### Exercise brief
Every record shown here must be duplicated without change.
**********
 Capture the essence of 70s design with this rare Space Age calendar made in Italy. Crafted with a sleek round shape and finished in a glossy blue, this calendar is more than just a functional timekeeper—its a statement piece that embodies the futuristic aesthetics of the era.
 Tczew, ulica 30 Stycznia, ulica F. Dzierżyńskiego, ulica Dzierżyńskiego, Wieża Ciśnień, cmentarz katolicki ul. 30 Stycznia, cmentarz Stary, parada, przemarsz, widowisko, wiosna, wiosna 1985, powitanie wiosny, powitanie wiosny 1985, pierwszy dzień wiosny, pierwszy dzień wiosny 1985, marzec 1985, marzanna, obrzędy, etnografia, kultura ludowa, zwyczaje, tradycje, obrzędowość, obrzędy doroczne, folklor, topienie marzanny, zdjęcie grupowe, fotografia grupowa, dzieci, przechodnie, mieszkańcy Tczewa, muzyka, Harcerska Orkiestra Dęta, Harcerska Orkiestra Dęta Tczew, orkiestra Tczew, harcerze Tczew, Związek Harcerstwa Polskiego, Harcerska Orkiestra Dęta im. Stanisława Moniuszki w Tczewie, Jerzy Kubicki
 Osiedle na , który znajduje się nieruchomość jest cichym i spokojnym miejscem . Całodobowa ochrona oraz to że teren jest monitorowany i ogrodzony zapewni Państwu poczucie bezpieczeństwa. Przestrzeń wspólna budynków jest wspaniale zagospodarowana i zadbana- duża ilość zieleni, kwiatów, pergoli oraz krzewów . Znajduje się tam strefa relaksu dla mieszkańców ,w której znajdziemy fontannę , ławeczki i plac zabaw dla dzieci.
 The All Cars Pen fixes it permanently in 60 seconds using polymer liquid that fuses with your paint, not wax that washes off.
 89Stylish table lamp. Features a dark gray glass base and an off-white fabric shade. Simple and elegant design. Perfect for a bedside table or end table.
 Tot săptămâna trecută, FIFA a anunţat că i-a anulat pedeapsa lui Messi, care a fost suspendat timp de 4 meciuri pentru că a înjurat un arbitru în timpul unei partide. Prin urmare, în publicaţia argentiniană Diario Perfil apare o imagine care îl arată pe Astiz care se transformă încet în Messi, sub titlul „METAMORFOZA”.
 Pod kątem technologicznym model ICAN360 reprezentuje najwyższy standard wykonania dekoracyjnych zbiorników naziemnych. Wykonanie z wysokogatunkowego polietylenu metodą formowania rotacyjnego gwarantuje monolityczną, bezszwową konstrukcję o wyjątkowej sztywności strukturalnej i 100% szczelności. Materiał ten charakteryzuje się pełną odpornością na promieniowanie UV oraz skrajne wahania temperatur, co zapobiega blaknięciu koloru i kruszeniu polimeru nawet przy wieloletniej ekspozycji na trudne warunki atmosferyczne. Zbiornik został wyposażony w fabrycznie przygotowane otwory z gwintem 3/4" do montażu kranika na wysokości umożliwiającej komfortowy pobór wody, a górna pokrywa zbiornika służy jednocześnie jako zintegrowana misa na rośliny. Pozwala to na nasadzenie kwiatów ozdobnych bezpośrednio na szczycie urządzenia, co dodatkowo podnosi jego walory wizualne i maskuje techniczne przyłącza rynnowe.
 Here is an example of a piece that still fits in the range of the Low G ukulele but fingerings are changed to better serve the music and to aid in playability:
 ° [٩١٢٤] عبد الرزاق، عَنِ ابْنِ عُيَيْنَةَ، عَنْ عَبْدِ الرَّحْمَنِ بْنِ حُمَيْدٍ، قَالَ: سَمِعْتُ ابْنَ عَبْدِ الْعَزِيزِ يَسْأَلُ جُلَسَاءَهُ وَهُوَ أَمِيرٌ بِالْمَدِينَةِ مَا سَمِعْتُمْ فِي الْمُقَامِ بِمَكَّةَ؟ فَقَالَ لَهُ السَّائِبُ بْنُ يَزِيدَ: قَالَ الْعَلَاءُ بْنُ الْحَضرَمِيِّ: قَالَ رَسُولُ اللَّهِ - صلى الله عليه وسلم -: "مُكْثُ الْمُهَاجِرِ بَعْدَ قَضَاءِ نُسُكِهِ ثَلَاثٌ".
**********
### Task response
 Capture the essence of 70s design with this rare Space Age calendar made in Italy. Crafted with a sleek round shape and finished in a glossy blue, this calendar is more than just a functional timekeeper—its a statement piece that embodies the futuristic aesthetics of the era.
 Tczew, ulica 30 Stycznia, ulica F. Dzierżyńskiego, ulica Dzierżyńskiego, Wieża Ciśnień, cmentarz katolicki ul. 30 Stycznia, cmentarz Stary, parada, przemarsz, widowisko, wiosna, wiosna 1985, powitanie wiosny, powitanie wiosny 1985, pierwszy dzień wiosny, pierwszy dzień wiosny 1985, marzec 1985, marzanna, obrzędy, etnografia, kultura ludowa, zwyczaje, tradycje, obrzędowość, obrzędy doroczne, folklor, topienie marzanny, zdjęcie grupowe, fotografia grupowa, dzieci, przechodnie, mieszkańcy Tczewa, muzyka, Harcerska Orkiestra Dęta, Harcerska Orkiestra Dęta Tczew, orkiestra Tczew, harcerze Tczew, Związek Harcerstwa Polskiego, Harcerska Orkiestra Dęta im. Stanisława Moniuszki w Tczewie, Jerzy Kubicki
 Osiedle na , który znajduje się nieruchomość jest cichym i spokojnym miejscem . Całodobowa ochrona oraz to że teren jest monitorowany i ogrodzony zapewni Państwu poczucie bezpieczeństwa. Przestrzeń wspólna budynków jest wspaniale zagospodarowana i zadbana- duża ilość zieleni, kwiatów, pergoli oraz krzewów . Znajduje się tam strefa relaksu dla mieszkańców ,w której znajdziemy fontannę , ławeczki i plac zabaw dla dzieci.
 The All Cars Pen fixes it permanently in 60 seconds using polymer liquid that fuses with your paint, not wax that washes off.
 89Stylish table lamp. Features a dark gray glass base and an off-white fabric shade. Simple and elegant design. Perfect for a bedside table or end table.
 Tot săptămâna trecută, FIFA a anunţat că i-a anulat pedeapsa lui Messi, care a fost suspendat timp de 4 meciuri pentru că a înjurat un arbitru în timpul unei partide. Prin urmare, în publicaţia argentiniană Diario Perfil apare o imagine care îl arată pe Astiz care se transformă încet în Messi, sub titlul „METAMORFOZA”.
 Pod kątem technologicznym model ICAN360 reprezentuje najwyższy standard wykonania dekoracyjnych zbiorników naziemnych. Wykonanie z wysokogatunkowego polietylenu metodą formowania rotacyjnego gwarantuje monolityczną, bezszwową konstrukcję o wyjątkowej sztywności strukturalnej i 100% szczelności. Materiał ten charakteryzuje się pełną odpornością na promieniowanie UV oraz skrajne wahania temperatur, co zapobiega blaknięciu koloru i kruszeniu polimeru nawet przy wieloletniej ekspozycji na trudne warunki atmosferyczne. Zbiornik został wyposażony w fabrycznie przygotowane otwory z gwintem 3/4" do montażu kranika na wysokości umożliwiającej komfortowy pobór wody, a górna pokrywa zbiornika służy jednocześnie jako zintegrowana misa na rośliny. Pozwala to na nasadzenie kwiatów ozdobnych bezpośrednio na szczycie urządzenia, co dodatkowo podnosi jego walory wizualne i maskuje techniczne przyłącza rynnowe.
 Here is an example of a piece that still fits in the range of the Low G ukulele but fingerings are changed to better serve the music and to aid in playability:
 ° [٩١٢٤] عبد الرزاق، عَنِ ابْنِ عُيَيْنَةَ، عَنْ عَبْدِ الرَّحْمَنِ بْنِ حُمَيْدٍ، قَالَ: سَمِعْتُ ابْنَ عَبْدِ الْعَزِيزِ يَسْأَلُ جُلَسَاءَهُ وَهُوَ أَمِيرٌ بِالْمَدِينَةِ مَا سَمِعْتُمْ فِي الْمُقَامِ بِمَكَّةَ؟ فَقَالَ لَهُ السَّائِبُ بْنُ يَزِيدَ: قَالَ الْعَلَاءُ بْنُ الْحَضرَمِيِّ: قَالَ رَسُولُ اللَّهِ - صلى الله عليه وسلم -: "مُكْثُ الْمُهَاجِرِ بَعْدَ قَضَاءِ نُسُكِهِ ثَلَاثٌ".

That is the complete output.